Per architettura parametrica, l’architetto iraniano intendeva un nuovo stile globale da sostituire al modernismo, un parametricismo, dunque, inteso come malleabilità del progetto in cui esistono e convivono corrispondenze fra misure o contesto. Infatti ogni caratteristica può essere associata o relazionata a qualsiasi altra proprietà di qualsiasi altro elemento del progetto, di modo che venga instaurata una concatenazione di causa ed effetto in cui tutto è correlazionato.

Questa nuova concezione progettuale porta così a un allontanamento sempre più evidente dagli aspetti formali che vanno oltre la geometria euclidea, con la creazione di forme sviluppate dal computer, più o meno funzionali.

Tuttavia questa innovazione fa si che il confine fra ciò che è virtuale e ciò che è tettonico sia molto labile, tanto da essere diagrammato in uno schema dall’arch. Rem Kolhaas, il quale sostiene che nel campo virtuale si possa osare fino all’ennesima potenza ma nel momento in cui si passa al campo tettonico bisogna far fronte a leggi statiche, che per l’appunto non permettono la realizzazione effettiva del progetto iniziale. Eppure la presunzione di alcuni architetti spinge a grossi errori di valutazione nella progettazione; lampante è la realizzazione della “Nuvola” dell’ arch.

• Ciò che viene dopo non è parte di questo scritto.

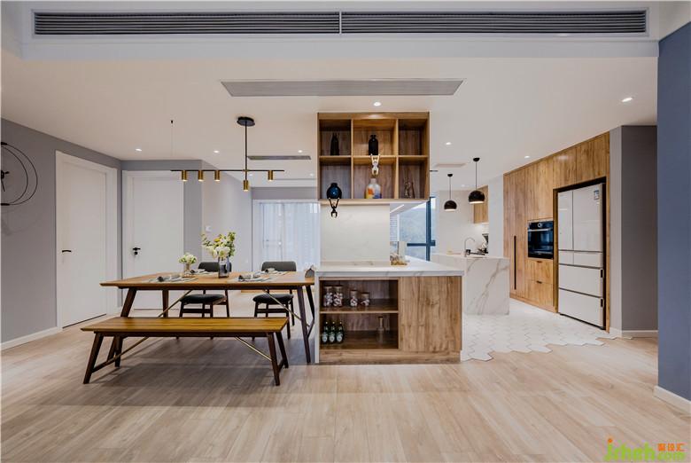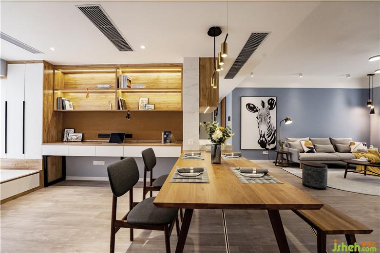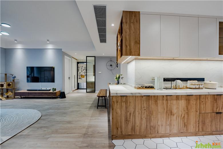 沙發(fā)背景墻與電視背景墻都是用的多樂士墻漆,當時設計師選色號也挑了蠻久的,畢竟太深會顯得壓抑太淺突出不了感覺,現在兩面墻面的顏色剛剛好于霧霾藍與天空藍之間,倆顏色相互襯托相互對比,這樣一來層次感就出來了。從這個角度也是全屋最佳哦,放眼望去便能看到這全屋結構走向,開放式的廚房與餐廳共同造就客餐廚一體化設計。

Fuksas, il quale non sta riuscendo a conferire al progetto la leggerezza che l’idea iniziale prevedeva.

 

Ma questa dicotomia fra virtuale e tettonico, fra disegno e applicazione pratica la abbiamo già dai tempi del rinascimento, quando Raffaello rappresenta nell’”incendio di Borgo”, dipinto ubicato in una delle stanza dei musei vaticani, tutti gli ordini insieme, il dorico, lo ionico, il corinzio, il tuscanico e il composito, bensì è solo con Serlio che avviene una prima parametrizzazione, in quanto classifica ordinatamente tutte le tipologie di colonne.

 

Ma è Vignola, nel “la regola dei cinque ordini architettonici” (1562), che attraverso una spiegazione pratica di come applicare queste conoscenze , esplicita la maniera corretta su come usare il classico, ma soprattutto, con questo trattato, che presenta, sotto severi principi, una completa descrizione degli ordini. Scriverà, infatti, che anche una persona qualunque si può applicare nella costruzione del classico, poiché esistono appunto dei parametri condivisi da tutti.

Parametri che contraddistinguono l’architettura classica e che trasmettono a essa una caratteristica fondamentale se non imprescindibile, la proporzionalità. L’architetto attraverso uno schema molto rigido divide la colonna in parti, che devono corrisponder a 4 parti per la base 12 per il fusto e tre per il capitello così da ottenere una colonna ben equilibrata; e le parti della colonna sono in base all’ordine che si vuole progettare. Un altro esempio calzante di parametri applicati all’architettura classica è l’altezza del fusto di colonna che cresce proporzionalmente in base al diametro della colonna stessa, facendo crollare la credenza comune che gli ordini crescano di altezza dal dorico al corinzio. Forse se i classici avessero avuto Revit avrebbero avuto una vita molto più semplici inserendo come parametri condivisi il diametro a l’altezza!

 

Tutte queste nozioni circa l’importanza, il radicamento e la messa in opera della parametrizzazione del prodotto sin dalle epoche più antiche, in cui la figura dell’architetto ancora non esisteva, ma era solo un capomastro che basava le proprie conoscenze su fatto empirico e non teorico, mi porta a a pormi delle domande.

 

Innanzitutto quanto l’ingresso della tecnologia nella fase di progettazione, intesa quindi come l’utilizzo di software, dal semplice autocad fino ad arrivare a programmi quali revit che permettono di connettere i vari dati fra loro scatenando una reazione di causa ed effetto, abbiano influenzato il modo di progettare? Quanto le nostre idee si spingono ben oltre il possibile, il realizzabile solo perché il programma lo permette? Quanto siamo affascinati dall’aspetto formale piuttosto che a quello funzionale? o meglio è pura superbia quella di volere provare a sfidare le leggi statiche oppure è un continua ricerca attraverso uno studio sempre più analitico di nuove tecnologie e materiali? Il parametricismo è un modo di progettare che usa in modo creativo i programmi di modellazione oppure è solo una semplificazione di un processo che senza i nuovi mezzi tecnologici sarebbe stato molto più difficile?